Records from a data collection
■ ■ ■

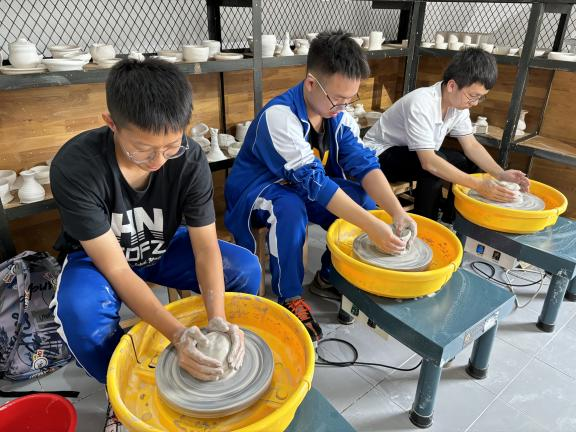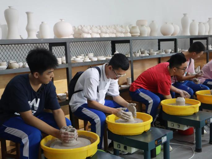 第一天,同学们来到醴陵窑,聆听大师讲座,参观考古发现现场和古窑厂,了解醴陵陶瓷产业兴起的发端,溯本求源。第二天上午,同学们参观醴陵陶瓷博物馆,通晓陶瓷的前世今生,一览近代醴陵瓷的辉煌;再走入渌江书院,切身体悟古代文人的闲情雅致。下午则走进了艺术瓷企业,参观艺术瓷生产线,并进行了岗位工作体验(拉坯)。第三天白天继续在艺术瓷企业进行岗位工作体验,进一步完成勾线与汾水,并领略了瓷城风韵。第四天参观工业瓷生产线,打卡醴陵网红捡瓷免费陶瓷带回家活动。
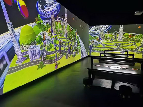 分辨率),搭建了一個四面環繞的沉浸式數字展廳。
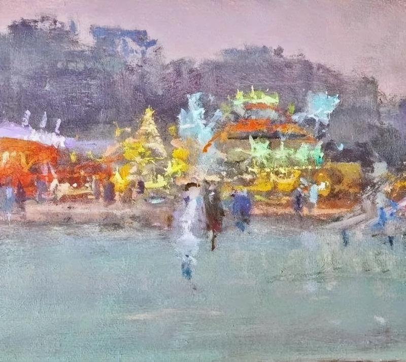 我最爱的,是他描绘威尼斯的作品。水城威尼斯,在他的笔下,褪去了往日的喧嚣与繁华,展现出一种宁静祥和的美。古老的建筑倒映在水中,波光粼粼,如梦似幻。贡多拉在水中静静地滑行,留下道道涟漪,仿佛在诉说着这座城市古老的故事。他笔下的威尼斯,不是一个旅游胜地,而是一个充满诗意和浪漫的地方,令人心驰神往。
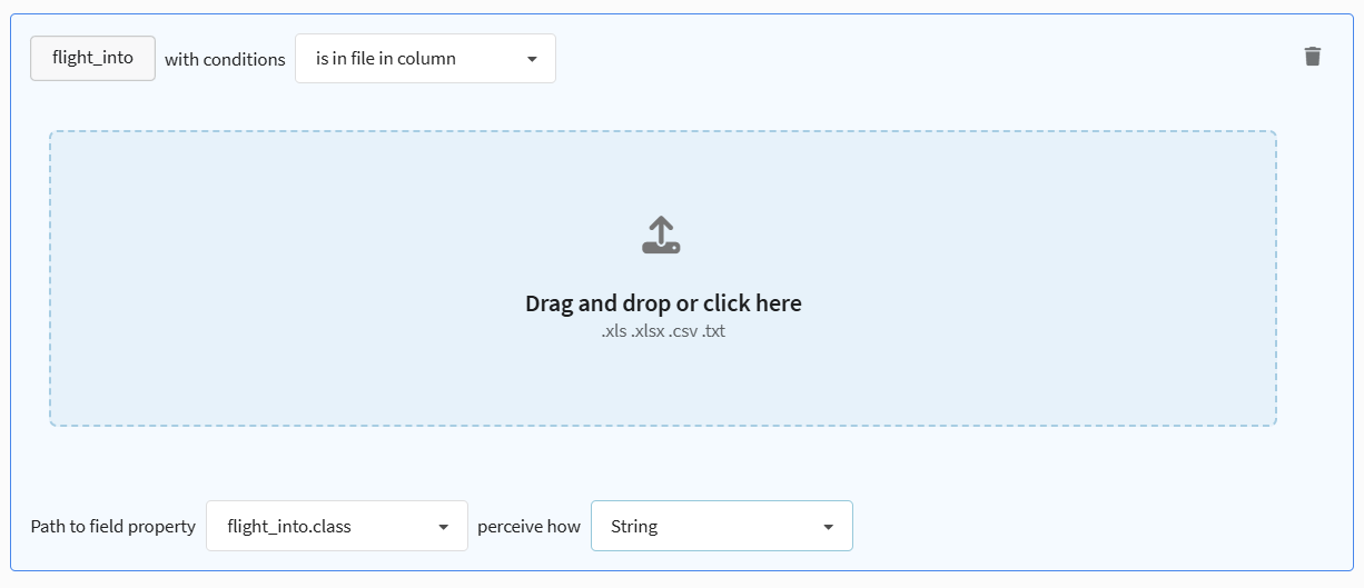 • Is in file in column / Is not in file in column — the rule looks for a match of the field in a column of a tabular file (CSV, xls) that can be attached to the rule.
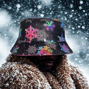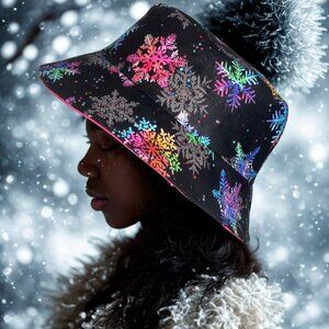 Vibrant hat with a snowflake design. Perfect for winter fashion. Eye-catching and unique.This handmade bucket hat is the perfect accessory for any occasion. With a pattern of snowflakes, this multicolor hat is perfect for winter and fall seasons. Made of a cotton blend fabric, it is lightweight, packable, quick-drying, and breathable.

■ ■ ■

◆ **YOUR GOAL**: Please output all the records above exactly, leaving out every picture.

◆ **RESULT**:
 第一天,同学们来到醴陵窑,聆听大师讲座,参观考古发现现场和古窑厂,了解醴陵陶瓷产业兴起的发端,溯本求源。第二天上午,同学们参观醴陵陶瓷博物馆,通晓陶瓷的前世今生,一览近代醴陵瓷的辉煌;再走入渌江书院,切身体悟古代文人的闲情雅致。下午则走进了艺术瓷企业,参观艺术瓷生产线,并进行了岗位工作体验(拉坯)。第三天白天继续在艺术瓷企业进行岗位工作体验,进一步完成勾线与汾水,并领略了瓷城风韵。第四天参观工业瓷生产线,打卡醴陵网红捡瓷免费陶瓷带回家活动。
 分辨率),搭建了一個四面環繞的沉浸式數字展廳。
 我最爱的,是他描绘威尼斯的作品。水城威尼斯,在他的笔下,褪去了往日的喧嚣与繁华,展现出一种宁静祥和的美。古老的建筑倒映在水中,波光粼粼,如梦似幻。贡多拉在水中静静地滑行,留下道道涟漪,仿佛在诉说着这座城市古老的故事。他笔下的威尼斯,不是一个旅游胜地,而是一个充满诗意和浪漫的地方,令人心驰神往。
 • Is in file in column / Is not in file in column — the rule looks for a match of the field in a column of a tabular file (CSV, xls) that can be attached to the rule.
 Vibrant hat with a snowflake design. Perfect for winter fashion. Eye-catching and unique.This handmade bucket hat is the perfect accessory for any occasion. With a pattern of snowflakes, this multicolor hat is perfect for winter and fall seasons. Made of a cotton blend fabric, it is lightweight, packable, quick-drying, and breathable.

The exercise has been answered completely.